■ ASSIGNMENT ■
If you see a picture in the data below, omit it and copy the rest exactly.

■ DATA PROVIDED ■
○ ○ ○ ○ ○

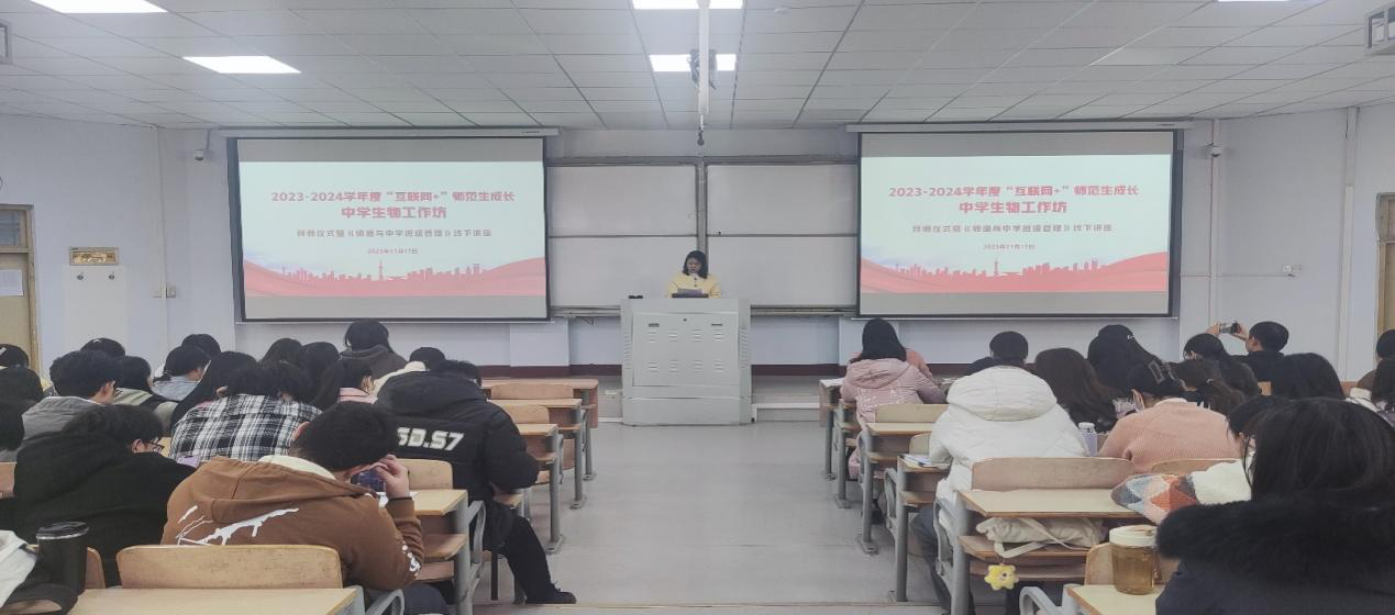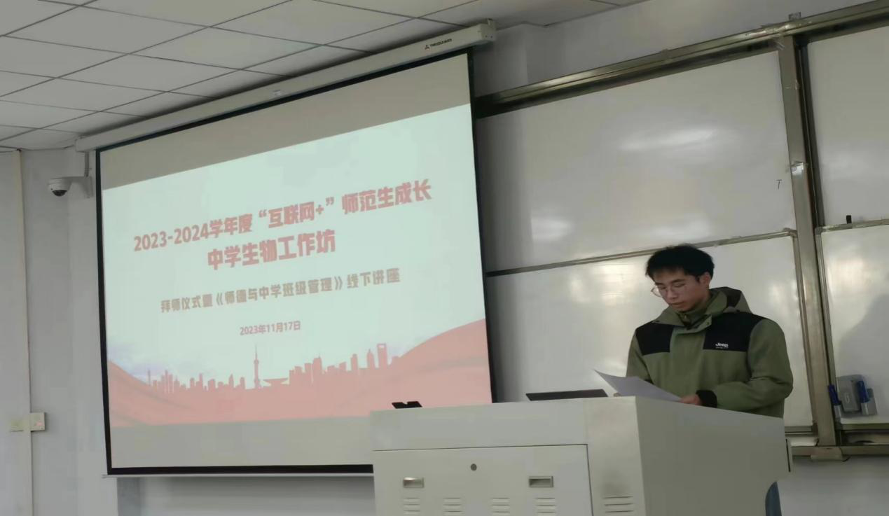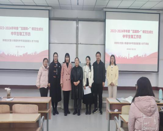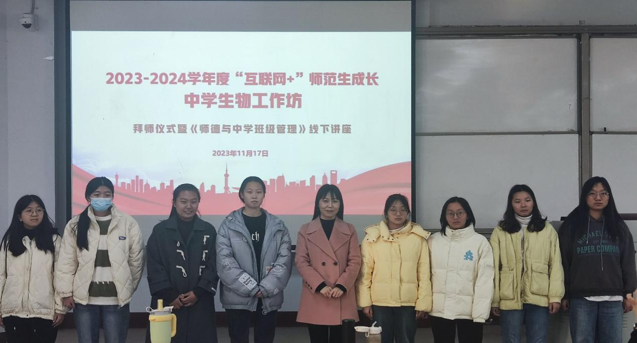 11月17日,在1号教学楼207教室,beats365中文官网成功举办了2023-2024学年度“互联网+”师范生成长中员工物工作坊拜师仪式暨《师德与中学班级管理》线下讲座。出席仪式的有商丘市教体局基础教研室教研员张静和许洁老师、中员工物工作坊坊主商丘市第一高级中学的孟志强和汪俊芳、商丘市第二高级中学的李金和商丘市回民高级中学的韩双旭等老师,生物科学专业2021级员工坊员也参加了此次活动,活动由汪俊芳老师主持。
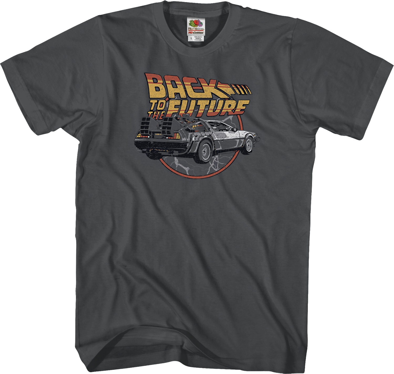 This Lightning Bolts Back To The Future T-Shirt shows the back of Doc Brown's DeLorean, complete with the OUTATIME license plate. Doc's time machine is surrounded by lightning bolts.
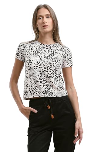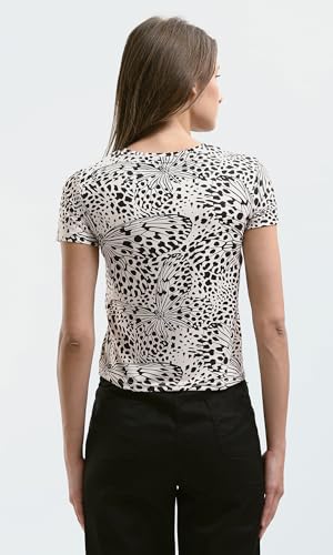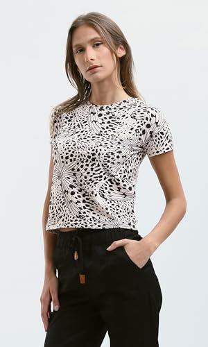 Ravin - Ravin Womens Beige & Black Patterned Short Sleeves Short Tee Modern

○ ○ ○ ○ ○

■ YOUR RESPONSE ■
 11月17日,在1号教学楼207教室,beats365中文官网成功举办了2023-2024学年度“互联网+”师范生成长中员工物工作坊拜师仪式暨《师德与中学班级管理》线下讲座。出席仪式的有商丘市教体局基础教研室教研员张静和许洁老师、中员工物工作坊坊主商丘市第一高级中学的孟志强和汪俊芳、商丘市第二高级中学的李金和商丘市回民高级中学的韩双旭等老师,生物科学专业2021级员工坊员也参加了此次活动,活动由汪俊芳老师主持。
 This Lightning Bolts Back To The Future T-Shirt shows the back of Doc Brown's DeLorean, complete with the OUTATIME license plate. Doc's time machine is surrounded by lightning bolts.
 Ravin - Ravin Womens Beige & Black Patterned Short Sleeves Short Tee Modern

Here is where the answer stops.